La misma hambrienta desesperación llevó a cientos de inmigrantes a tratar de cruzar el estrecho de Gibraltar a nado aun a riesgo de morir en el intento víctima de los elementos atmosféricos o antidisturbios. Empero, solo los pocos de siempre salieron a la calle a expresar su repulsa por la muerte de una quincena de subsaharianos recibidos a pelotazo de goma limpio por la Guardia Civil en la orilla de Ceuta. Todo por la patria, incluso la omisión de socorro. El Gobierno intentó, primero, ocultar y, luego, maquillar tal oprobio. Mintió, una vez más. “Solo la verdad es democrática”, subraya Flores d’Arcais, porque el político que miente (o el periodista a su servicio) nos hurta a los ciudadanos soberanía y nos trata como “un enemigo potencial”. Y mentir también es hacer política marketing o espectáculo.

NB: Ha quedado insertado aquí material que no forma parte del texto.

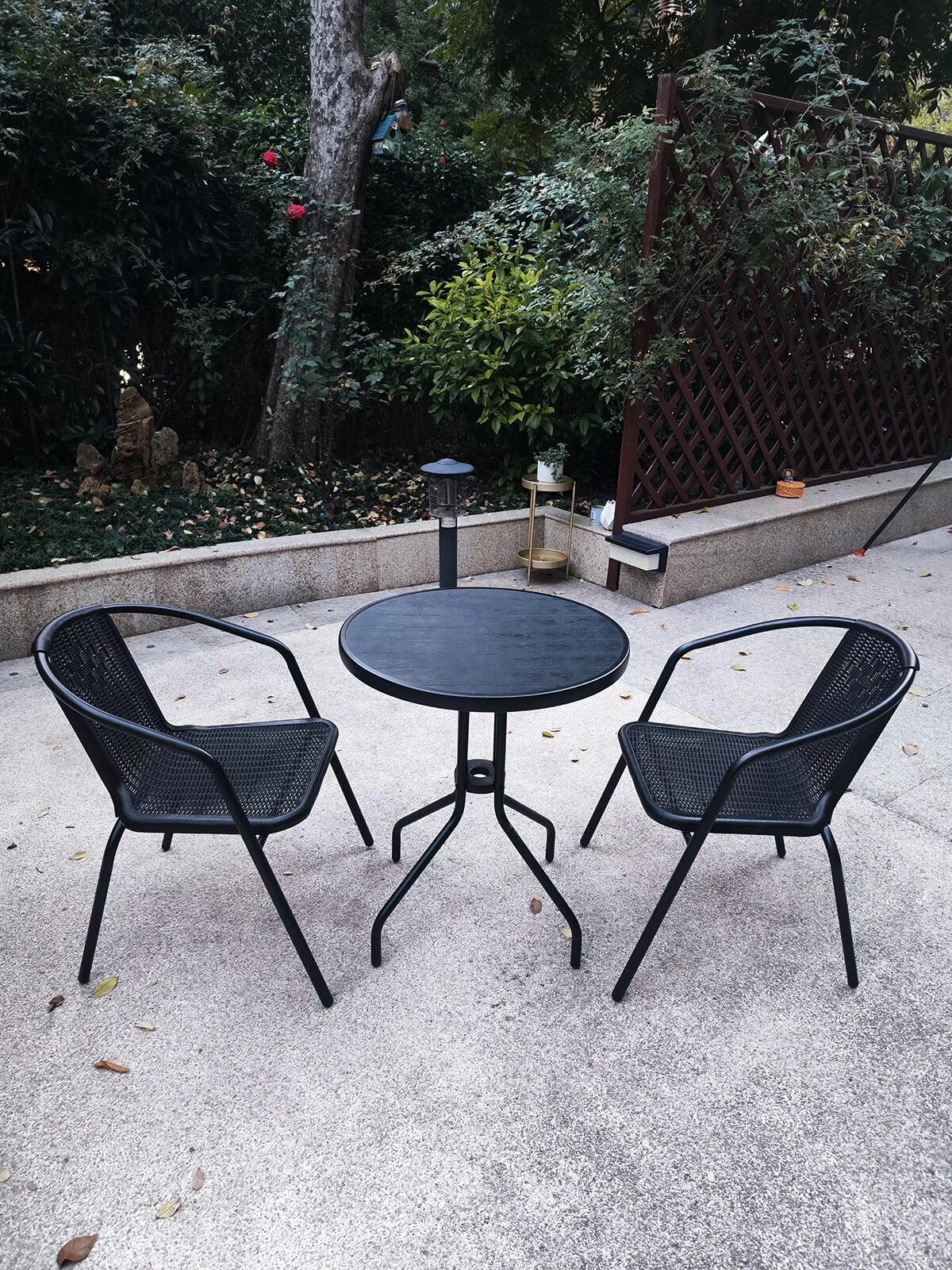 Stilfuldt bistrosæt til to personer til have, altan og terrasse, som kombinerer robust metalkonstruktion, nem vedligeholdelse og vejrbestandighed. Det runde bord med en diameter på 60 cm og to komfortable stole med en bæreevne på 120 kg giver det ideelle sted til morgenkaffen og hyggelige aftener.

Lo de Ceuta no nos diferencia de esa corta mayoría de suizos que ha votado en referéndum restringir la entrada de trabajadores europeos a propuesta de la Unión Democrática de Centro, partido que miente desde el nombre, pues tiene tanto de democrático y de centro como Le Pen. Lo fácil es ver en el extranjero la causa de todos nuestros males, cuando es tan víctima o más que nosotros. Siempre hay arteros demagogos que aprovechan ese prejuicio y miedo y agitan el odio al enemigo foráneo para pescar votos entre la masa amorfa embrutecida por la telebasura, esa mayoría silenciosa acrítica y resignada. Eso es lo peor, la resignación, como se queja Santomé, el protagonista de ‘La tregua’, de Mario Benedetti: “Los rebeldes han pasado a ser semi-rebeldes, los semi-rebeldes a resignados”. El sentir general es: “No se puede hacer nada”. Pero, como concluye Santomé, “en el principio fue la resignación; después, el abandono del escrúpulo; más tarde, la coparticipación”. El resignado es cómplice de los abusos y falacias del poder.